The digital way to draw a realization of $U$ that follows a uniform distribution is as follows:

  • (1) Prepare a pseudo-random number generator (an algorithm that returns 0 and 1 as pseudo-random numbers).
  • (2) Prepare sufficiently long $n$-bit memory.
  • (3) According to the seed number $s$, store either $0$ or $1$ in the memory up to $n$ bits. For example, if it’s 10110 10011 for $n=4$-bit, then it’s 1011.
  • (4) Convert the binary numbers written in memory to decimal and divide by $\left( 2^{n}-1 \right)$. Continuing the example, it’s $1011_{2} = 11$, and since $2^{4}-1 = 15$, you get $u = 0.733 \cdots$.

Proof

It is sufficient to show $P \left( F^{-1} (U) \le t \right) = F(t)$. Since $F$ is an increasing function, there exists an inverse function $F^{-1}$, and for all $t \in \mathbb{R}$, $$ \begin{align*} & P \left( F^{-1} (U) \le t \right) \\ =& P \left( F \left( F^{-1} (U) \right) \le F (t) \right) \\ =& P \left( U \le F (t) \right) \\ =& F(t) \end{align*} $$ The last equality comes from the fact that $U$ is uniformly distributed.

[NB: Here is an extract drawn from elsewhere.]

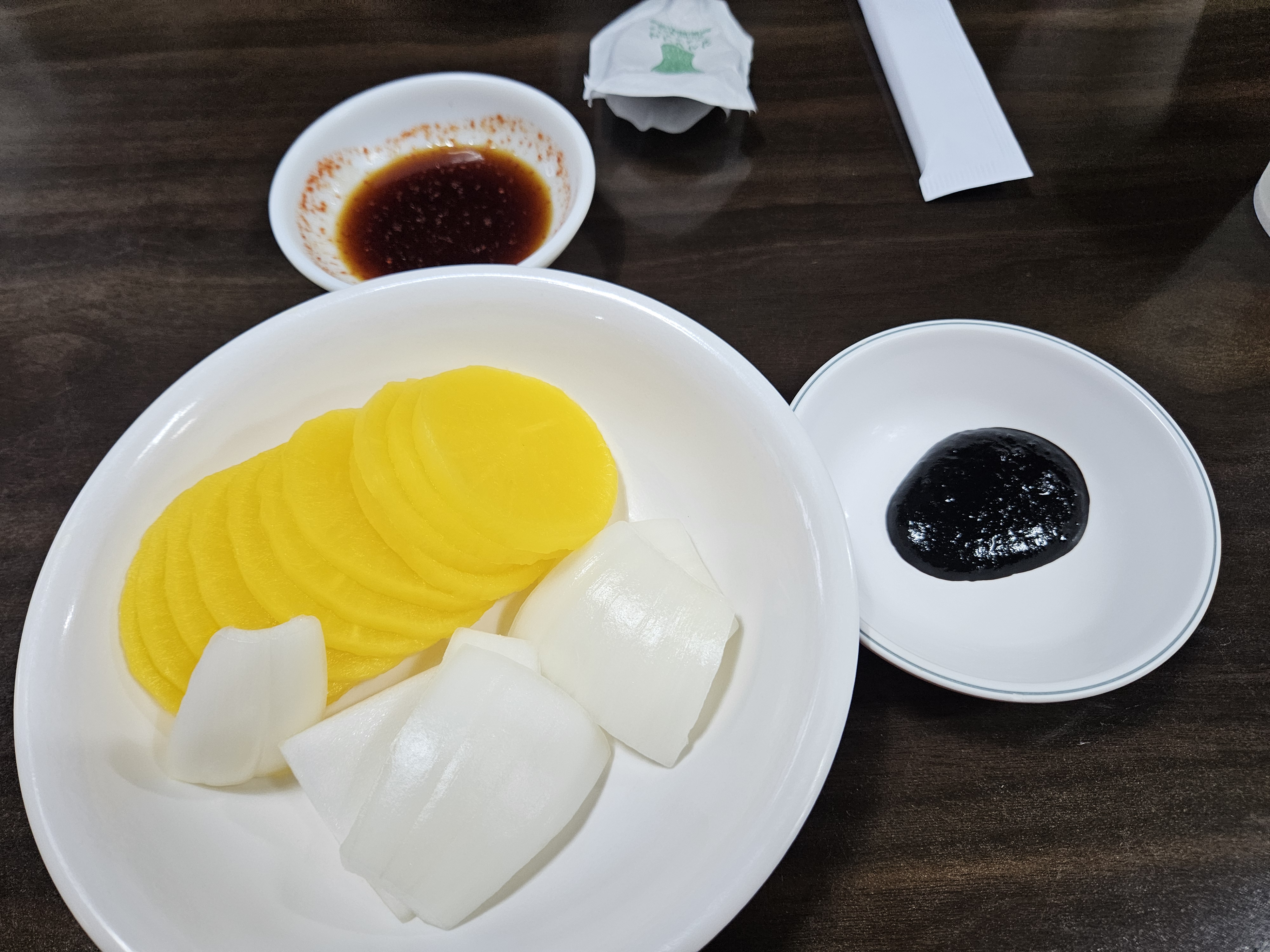 동그란 단무지에 양파, 춘장, 초간장은 만든 거 같은데 오래돼서 기억이 좀 가물가물하네 😅

What if $F^{-1}$ doesn’t exist?

If the support is not connected, in other words, if there is a part where the probability density function is $0$, then the $F^{-1}$ used in the proof might not exist. For example, if there is a probability density function $f$ with two peaks and the middle is entirely $0$, then $F$ is not an increasing function, and the theorem does not apply.

However, we intuitively know that it’s unlikely for our random sample to hit exactly that point. More precisely, we’re aware that the probability of exactly that point being picked is $0$; in such cumbersome cases, by bringing measure theory into account and considering the set of points in the range of $F$ that do not increase, pointing out that it constitutes a null set shows that almost surely there is no issue with sampling.

However, such consideration is overly complicated compared to the simple subject of ‘univariate random variable sampling’, and it suffices to clearly understand the principle of how to draw the desired random sample from a uniform distribution.